(5 of 7)
Weapon's Advocate. Strauss stood alone, facing a 4-1 vote in the AEC, and an 8-0 decision from the scientists. On Nov. 9, Commissioner (later Chairman) Gordon Dean came over to Strauss's side, and, in a letter to the President, went on record as favoring the crash program. But Commissioners Lilienthal, Pike and Henry D. Smyth (the Smyth Report) wrote Truman advising against the bomb. Strauss found himself all but alone in advocating the greatest weapon of mass destruction that man could conceive. He was deeply distressed by doubts.
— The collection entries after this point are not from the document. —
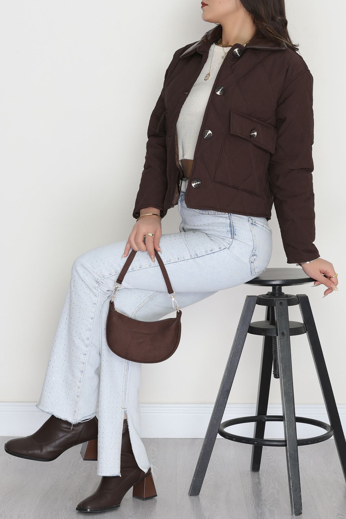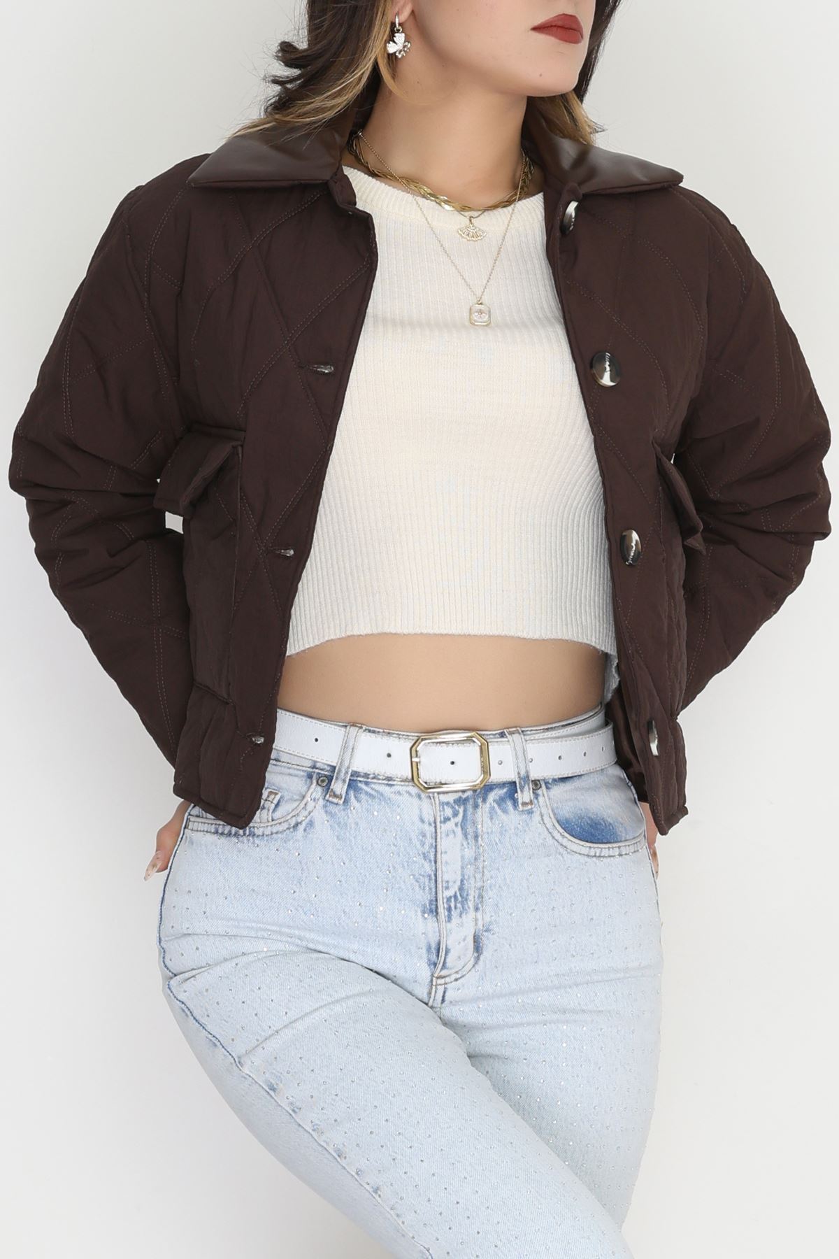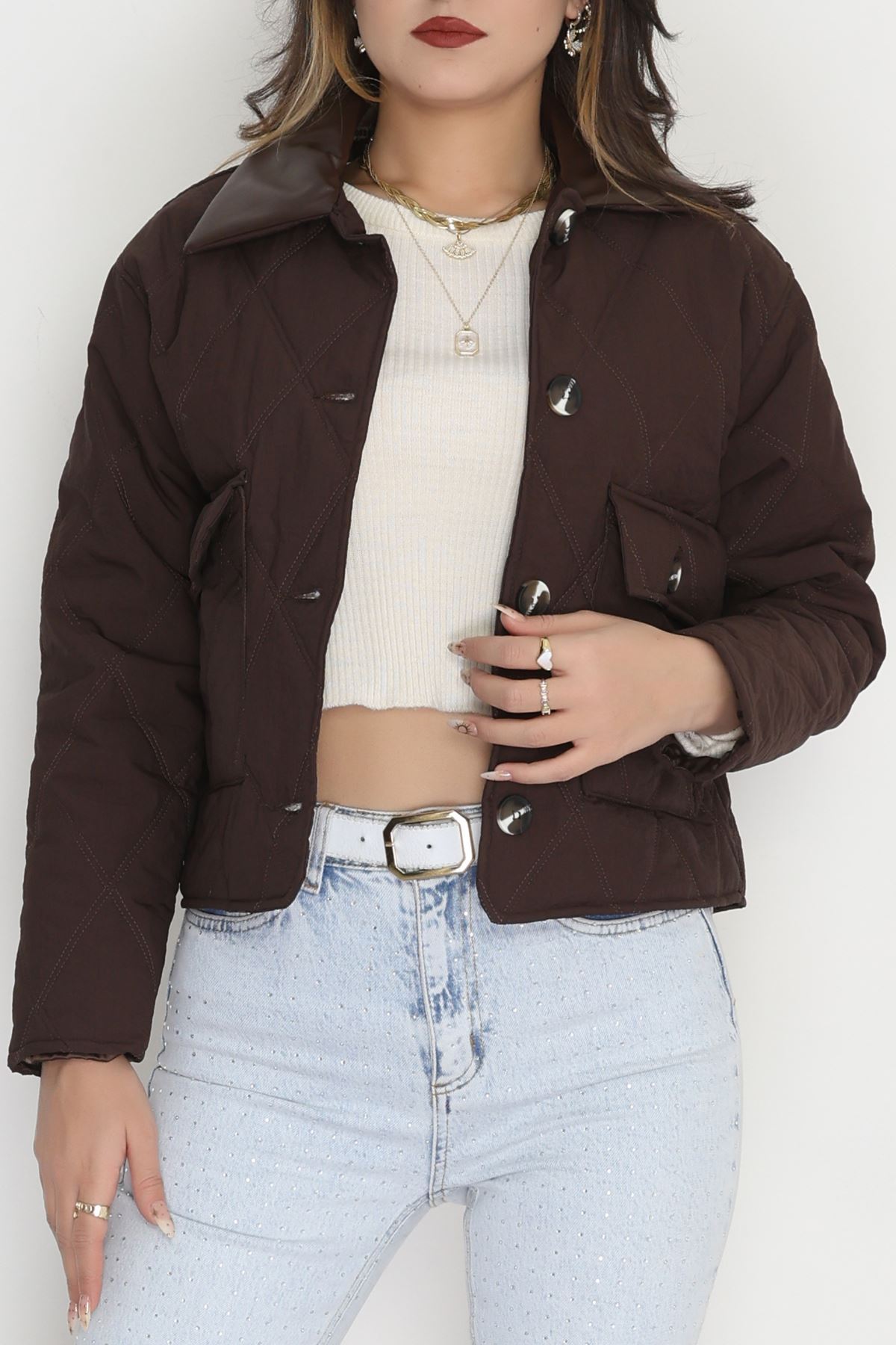 Deri Yaka Astarlı Kapitone Mont Acıkahve - 31632.439.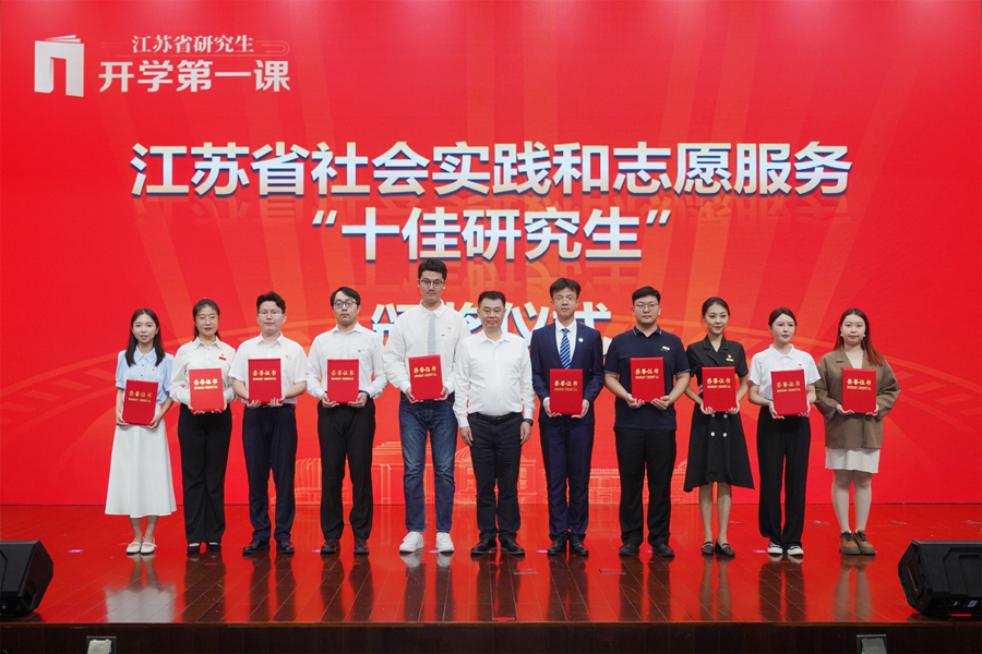 ▲第二届江苏省社会实践和志愿服务十佳研究生颁奖典礼现场(左起五为郝晟)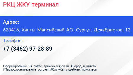 РКЦ ЖКУ, терминал по адресу 628416, Ханты-Мансийский АО, Сургут, Декабристов, 12 в дальнейшем Организация, размещена в следующих категориях: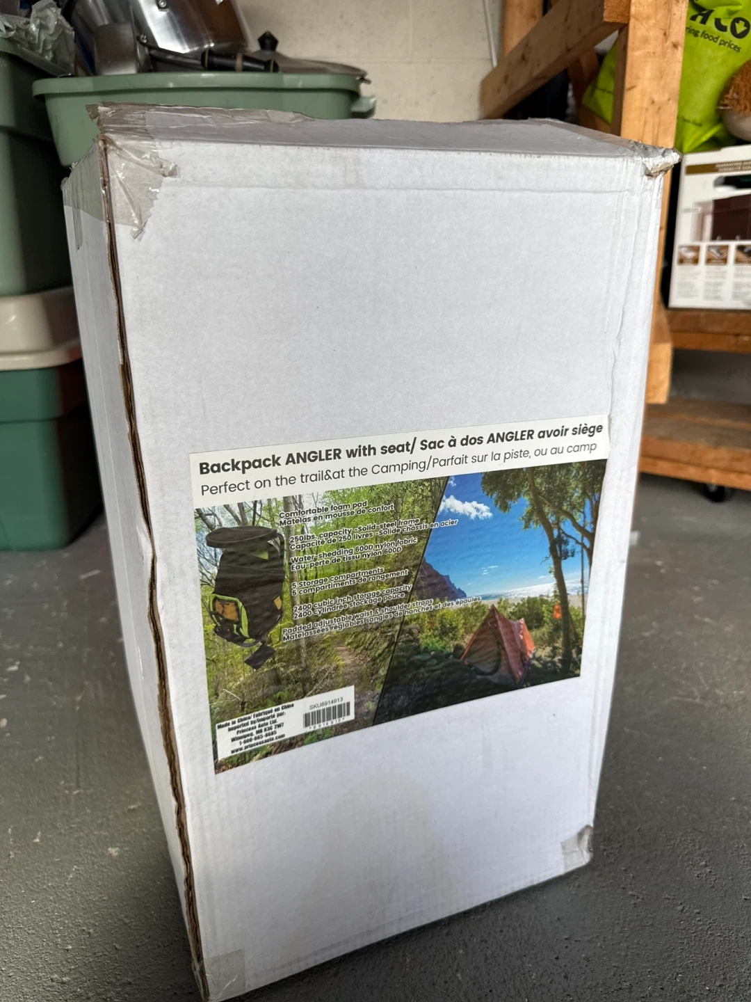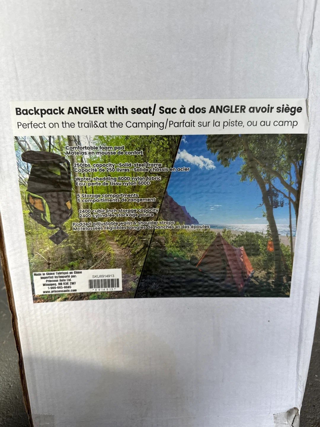 This is a Backpack Angler with a seat. It's perfect for camping or trails. It has a solid steel frame and comfortable foam pad. There are 5 storage compartments. The capacity is 2400 cubic inches.

Just before Christmas 1949, he dropped from sight in Washington. Confiding his destination only to his family and secretary, he flew to Southern California to be alone in his mother-in-law's cottage at the Beverly Hills Hotel. "If I am wrong about this," he told himself, "I am wrong about everything." On his fifth day, the telephone rang in his cottage. On the line was Connecticut's Senator Brien McMahon, chairman of the Joint Committee, who had tracked him down. "Where are you?" asked Strauss. "I'm calling from the hotel lobby," said McMahon, "and I want to see you and tell you that you are right."
Back in Washington, Strauss, McMahon and Dean found allies. Defense Secretary Louis Johnson sent Truman a paper backing the superbomb as both technically possible and militarily vital. Secretary of State Dean Acheson sent over a memo stating that previous atomic negotiation with the Russians had proved futile and a waste of time. Lilienthal made one last argument in high councils; he had, he said, a "visceral feeling that this is wrong." On Jan. 31, 1950, Harry Truman announced that he had ordered work begun on the superbomb. Lilienthal resigned, effective Feb. 15. Two months later, resisting pleas to stay on, Strauss resigned (and went back to Manhattan to be financial adviser for the Rockefellers).
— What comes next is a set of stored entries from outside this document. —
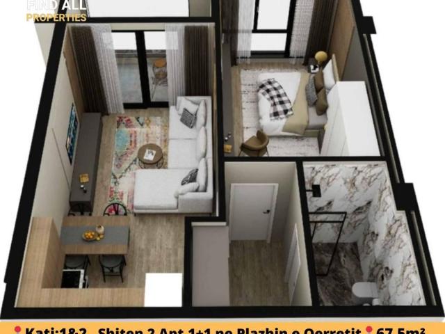 Organizimi: •Ambjent ndenje •Ambient gatim •2 Dhoma gjumi •2 Tualete •⁠Ballkon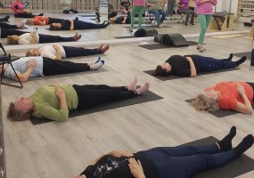 Projekto „Išgirsk save 2“ judesio–pilateso terapijos užsiėmimas su kineziterapeute Asta Lukauskiene kvietė sustoti, įkvėpti ir išgirsti save.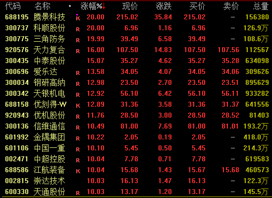 全市场近3600股飘红,小盘股整体活跃。商业航天概念卷土重来,腾景科技尾盘涨停创历史新高,三角防务、广合科技等均涨停;可控核聚变概念拉升,雪人集团、浙富控股等涨停,哈焊华通涨超7%;石油、燃气、煤炭等资源股集体上扬,洲际油气、蓝焰控股、百通能源等涨停。CPO概念再度活跃,光模块“三剑客”集体放量飙升,中际旭创(300308)涨近7%,全日成交242.7亿元,位居A股成交额首位;新易盛、天孚通信分别上涨3.77%、5.96%,全日分别成交176.1亿元、100.2亿元。值得注意的是,近日连续5跌停的国晟科技(维权)午后直线拉升,上演“地天板”走势。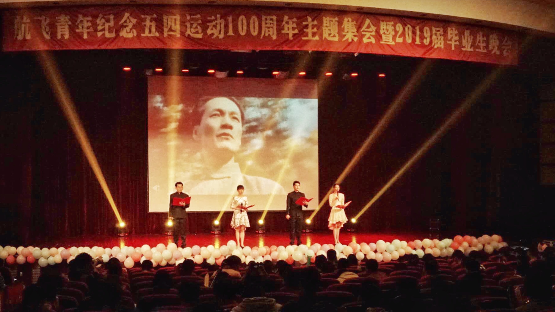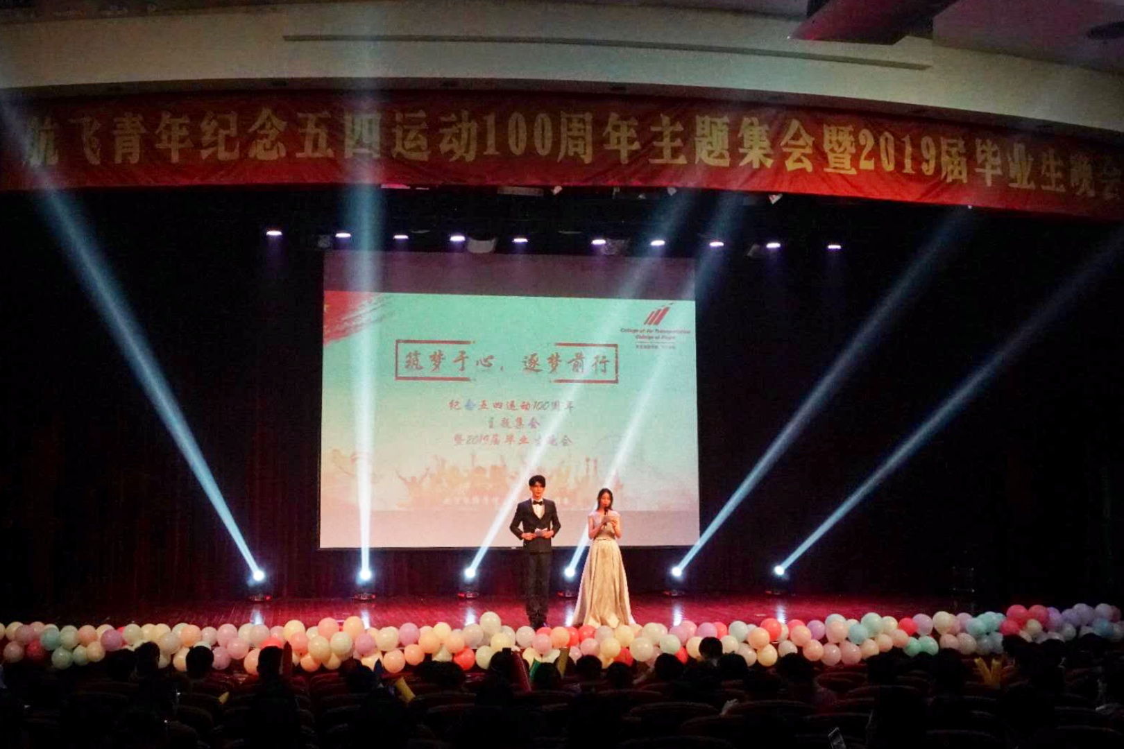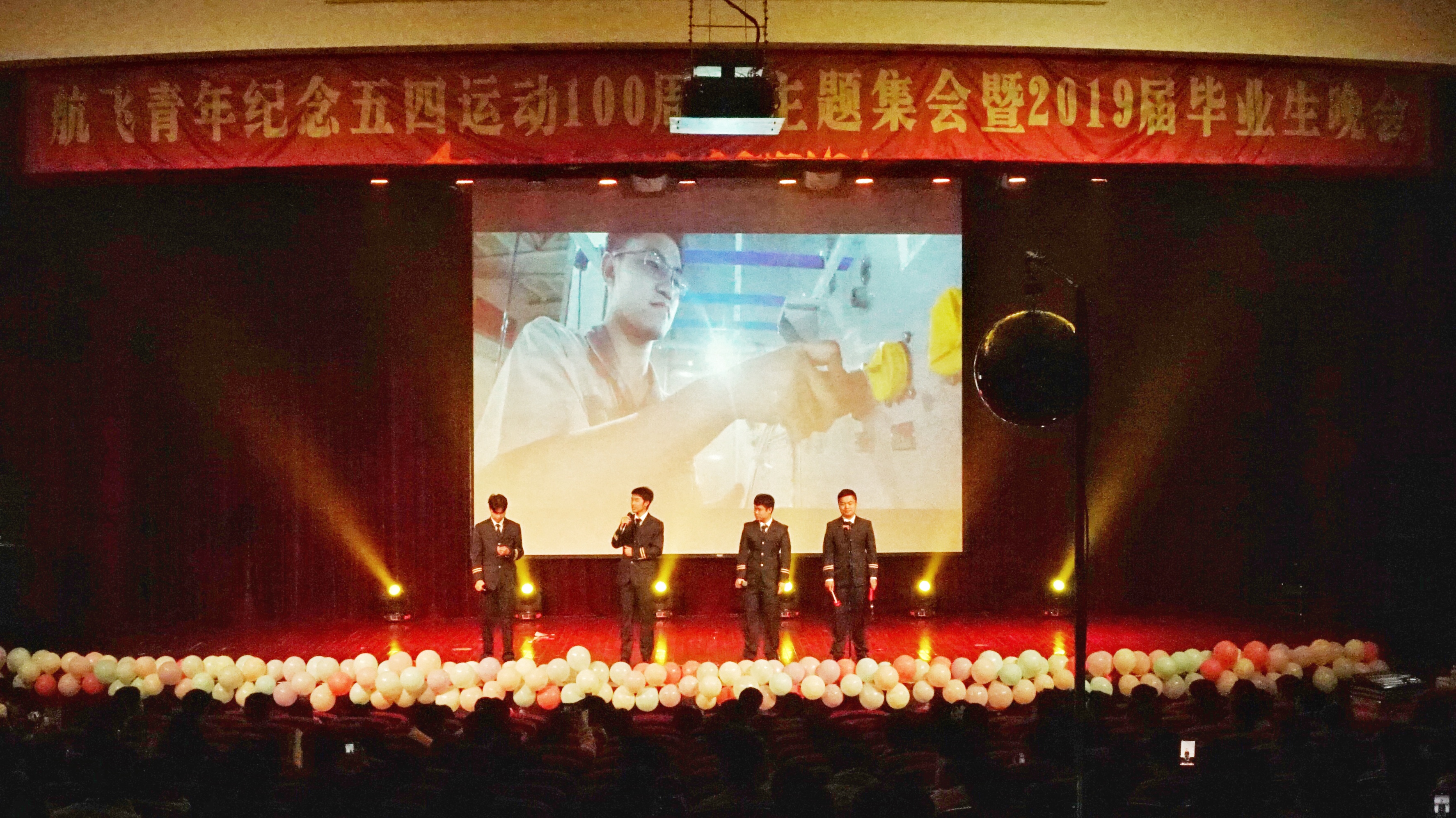 4月28日晚,航空运输学院/飞行学院“航飞青年纪念五四活动100周年主题集会暨2019届毕业生晚会”在志宏堂举行。航飞学院师生代表出席本次晚会,院党总支副书记戴振华代表学院为活动致辞,学办主任赵梦影代表教师为毕业生寄语。

Time Out for Reluctance. Five months were wasted between the first Russian explosion and Truman's order to build the superbomb. Then more valuable time was needlessly lost; not until Chairman Gordon Dean succeeded Lilienthal's successor and disciple, Acting Chairman Sumner Pike, in July 1950 did the job really get under way. The main job of finding scientific answers was turned over to Physicist Teller, a disarrayed genius, who came up in short order with some brilliant solutions to the bomb problems.*
The first preliminary experiments took place in the spring of 1951 at Eniwetok; the first superbomb (no longer called the H-bomb by scientists) was touched off with awesome results (TIME, Nov. 17) last fallalmost three years after Harry Truman's go-ahead signal.
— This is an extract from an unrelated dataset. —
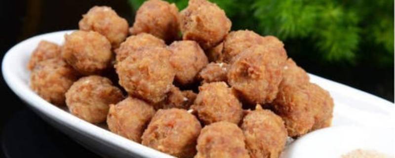 拌入炒好的洋葱碎和面包屑一起搅拌,然后捏成大小一致的丸子,下油锅炸至金黄即可。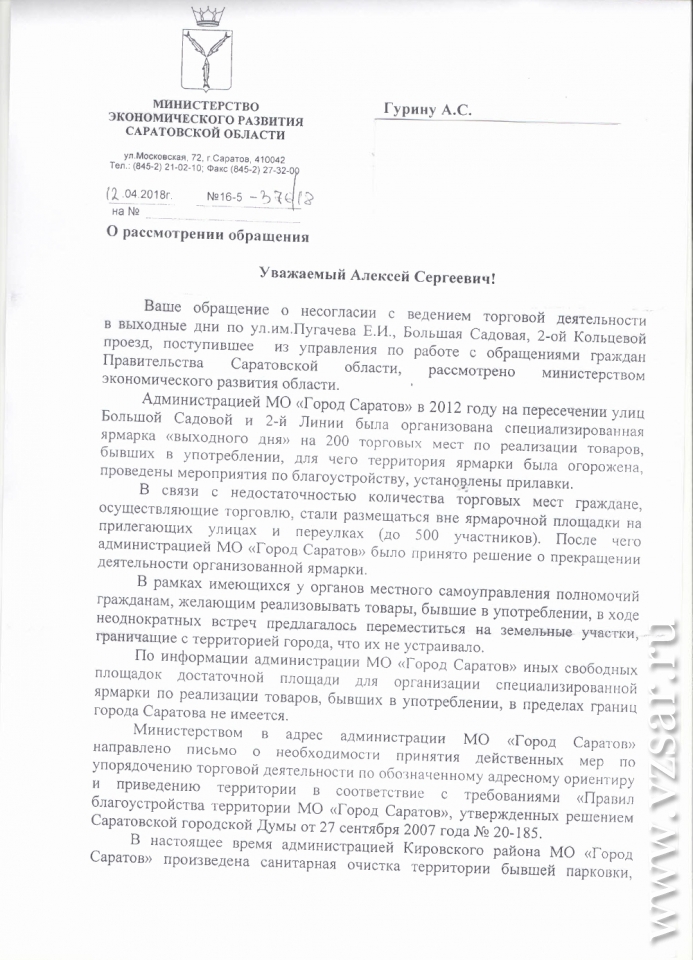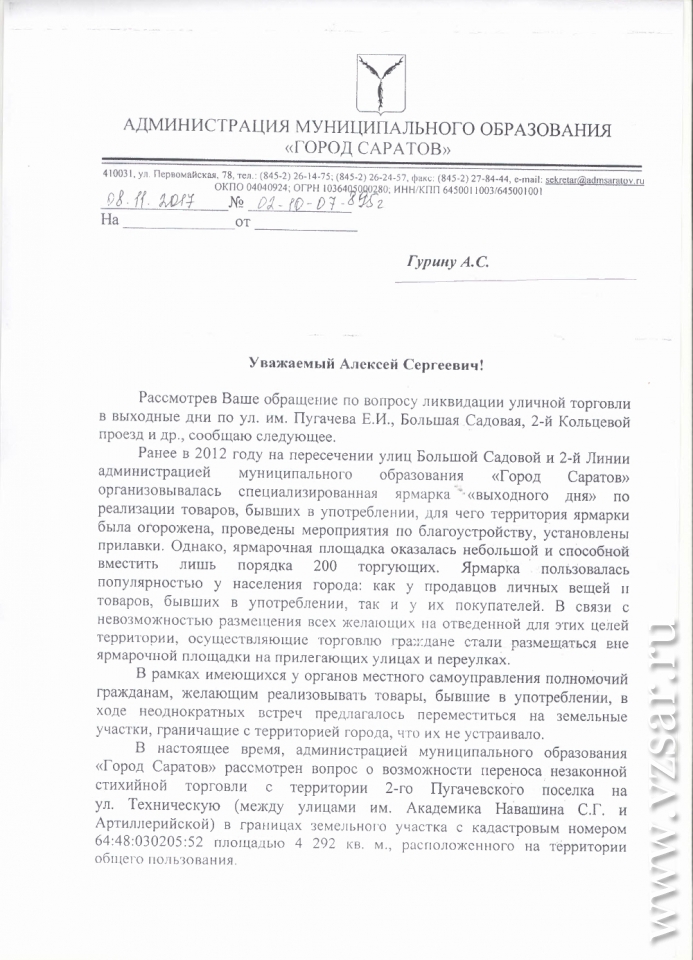 "Несколько лет назад администрация Саратова решила переместить торговцев б/у товаров, которые хаотично располагались по выходным дням в сквере вдоль трамвайных путей недалеко от Сенного рынка.

Was this a speedy accomplishment? No layman can possibly answer the question. But the impressive fact is this: the U.S. Government, divided and troubled by misgivings, took seven years and three months between the first A-bomb at Alamogordo and the superbomb explosion. Troubled by no such internal conflicts and helped by espionage, the Soviet Union did the job in just four years (see diagram).